ABSTRACT 1948(P8-3)
N-acetyl-L-cysteine (NAC) によるT細胞の IFN-γ 産生制御機構:Rishani Wijesuriya 1, Park Cheung Seog 1 、楊以阜 1 、山下元三 1、羽室淳爾 2 、 藤原大美 1、 濱岡利之1( 1 阪大・医・バイオセ・腫瘍発生; 味の素基礎研)
Mechanism underlying NAC-mediated regulation of IFN-γ production by T cells :Rishani WIJESURIYA 1 ,Cheung Seog PARK1 , Ii Fu YANG1, Motozou YAMASHITA1, Junji HAMURO2, Hiromi FUJIWARA1, Toshiyuki HAMAOKA1. ( 1Biomed. Res. Ctr., Osaka Univ. Med. Sch., 2 Basic Res. Lab., Ajinomoto Co.)
[目的]担癌状態におけるT細胞機能抑制の原因の一つにT細胞レセプター複合体のCD3ζ 鎖の消失が挙げられている。一方、最近NACがCD3ζ 鎖の発現を回復させ、T細胞機能を改善する報告がなされた。そこで今回、我々は抗腫瘍サイトカイン(IFN-γ /IL-12) 産生に焦点をあて、NACがそれらサイトカインの産生をどのように修飾するかについて検討した。
[方法]腫瘍には、BALB/cマウス由来線維肉腫CSA1Mを用いた。IFN-γ産生はELISA法で、IL-2産生はCTLL-2を使用したbioassayで、IL-12活性は抗体-capture assayで測定した。

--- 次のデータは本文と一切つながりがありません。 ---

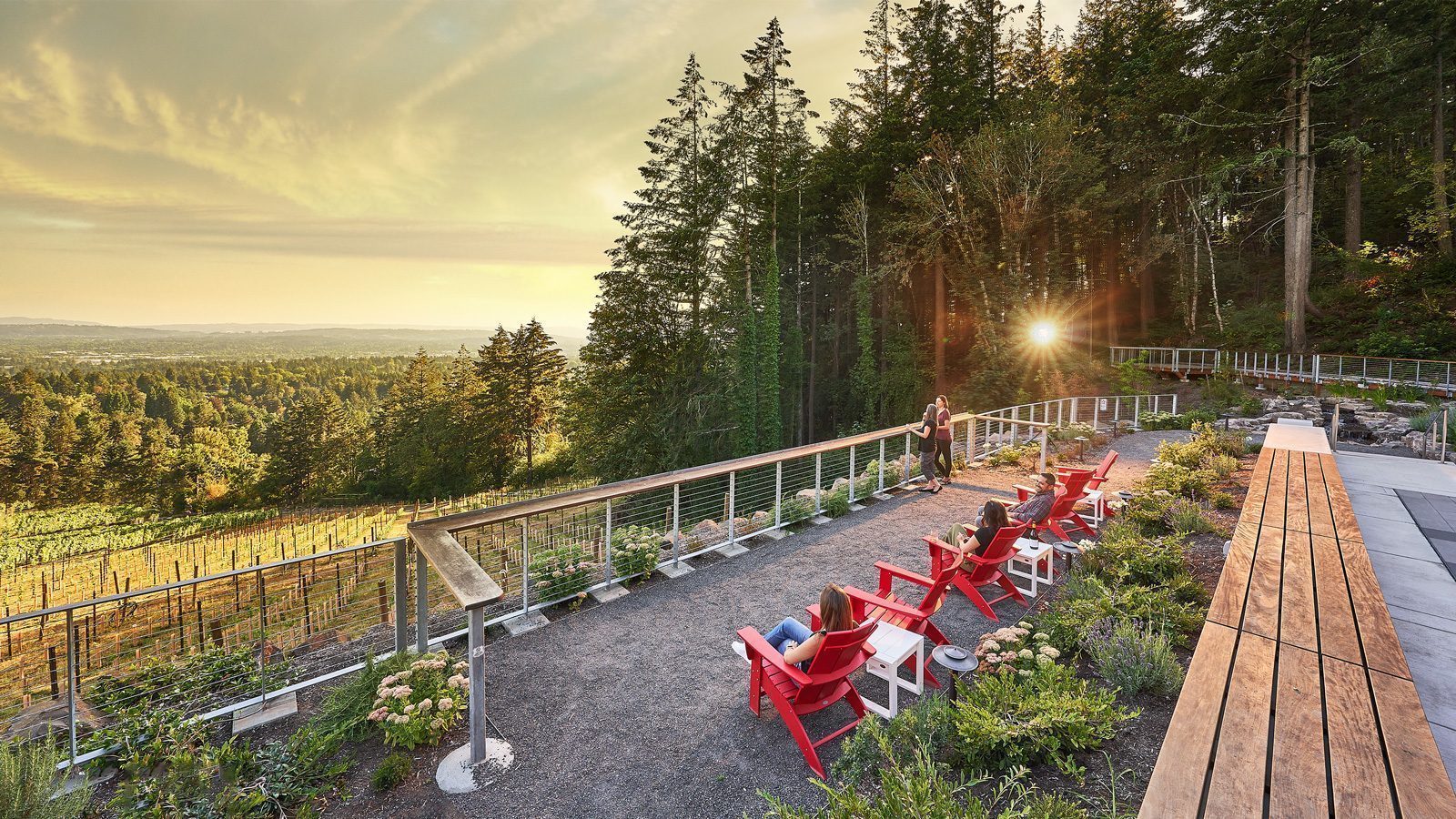 If you’re after some bubbles and a peaceful location perched on a hill, head to Corollary. The striking red-orange tasting room sits atop a hill in the Eola-Amity Hills AVA and just opened in May. Sample your way through Corollary’s range of sparkling wines, including blanc de blancs and carbonic roses, which are intentionally crafted to echo the ecosystem of the Willamette Valley.

[結果及び考察](1) 担癌マウス由来T細胞と抗原提示細胞(APC) の培養においては外来性腫瘍抗原を添加することなくIL-2、IFN-γの産生が誘導される。この培養系にNACを添加すると、IL-2の産生には影響がみられなかった一方、IFN-γ産生が強く抑制された。(2) 正常マウスのT細胞とAPCも抗CD3で刺激すると、IFN-γやIL-2を産生する。この系におけるサイトカイン産生へのNACの影響を見たところ、IFN-γ産生の選択的抑制を認めた。(3) IL-12は活性化T細胞によるIFN-γ産生を誘導する。そこで、抗CD3刺激T細胞とAPCの相互作用で産生されるIL-12産生量を測定したところ、IL-12産生もNACにより抑制されることが明らかになった。(4) IL-12は、活性化T細胞のCD40Lにより、APCのCD40分子が刺激される結果産生される。そこで、CD40L発現へのNACの効果を調べたが、影響はなかった。(5) IL-12はT細胞非依存性にLPS/IFN-γ 刺激によっても産生される。この経路でのIL-12産生もNACによって抑制され、NACが直接APCに働き、そのIL-12産生能を抑制することが確認された。以上、本研究によりNACは担癌状態の酸化ストレスによるT細胞機能抑制を改善する一方、抗腫瘍サイトカイン(IFN-γ /IL-12) 産生への抑制効果を生みだすというというNACの新しい作用が明らかになった。